- [PROBLEM REQUIREMENTS]: Pictures in the data below are not part of the copy; transcribe everything else exactly.

- [DATASET SECTION]:

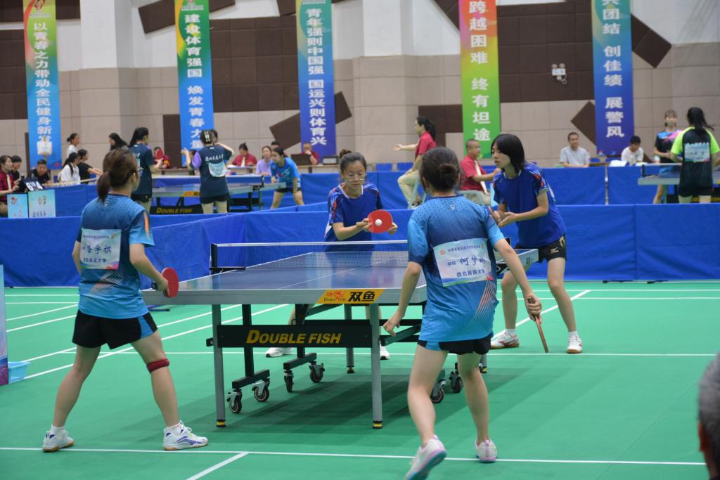 乒乓球比赛中,点点官网运动员郭元琳、王雅丽组合和王宁、王亚融组合分别获得甲组女子双打第七名、第八名。
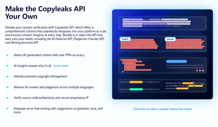 A:Copyleaks supports multiple languages, making it a versatile solution for users worldwide.
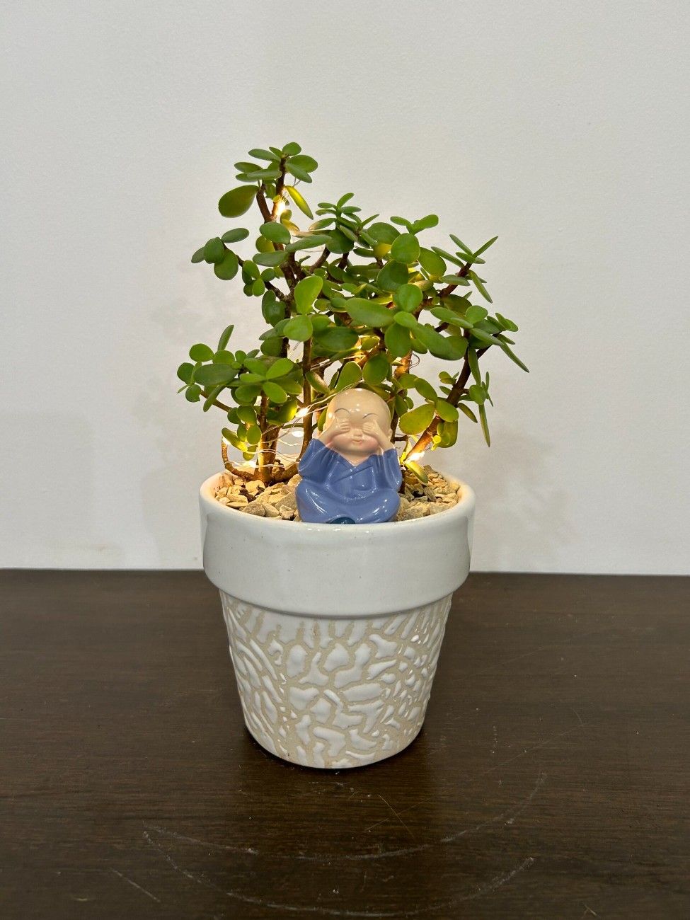 A Symbol of Prosperity and Serenity: Our Serene Jade Plant with Monk Figurine and Fairy Lights is designed to add a touch of tranquility and good fortune to any home or office environment. The Jade plant (Crassula ovata), often known as the “Money Plant” or “Good Luck Plant,” is cherished for its vibrant green leaves and symbolic association with wealth and prosperity.

- [EXPECTED ANSWER]:
 乒乓球比赛中,点点官网运动员郭元琳、王雅丽组合和王宁、王亚融组合分别获得甲组女子双打第七名、第八名。
 A:Copyleaks supports multiple languages, making it a versatile solution for users worldwide.
 A Symbol of Prosperity and Serenity: Our Serene Jade Plant with Monk Figurine and Fairy Lights is designed to add a touch of tranquility and good fortune to any home or office environment. The Jade plant (Crassula ovata), often known as the “Money Plant” or “Good Luck Plant,” is cherished for its vibrant green leaves and symbolic association with wealth and prosperity.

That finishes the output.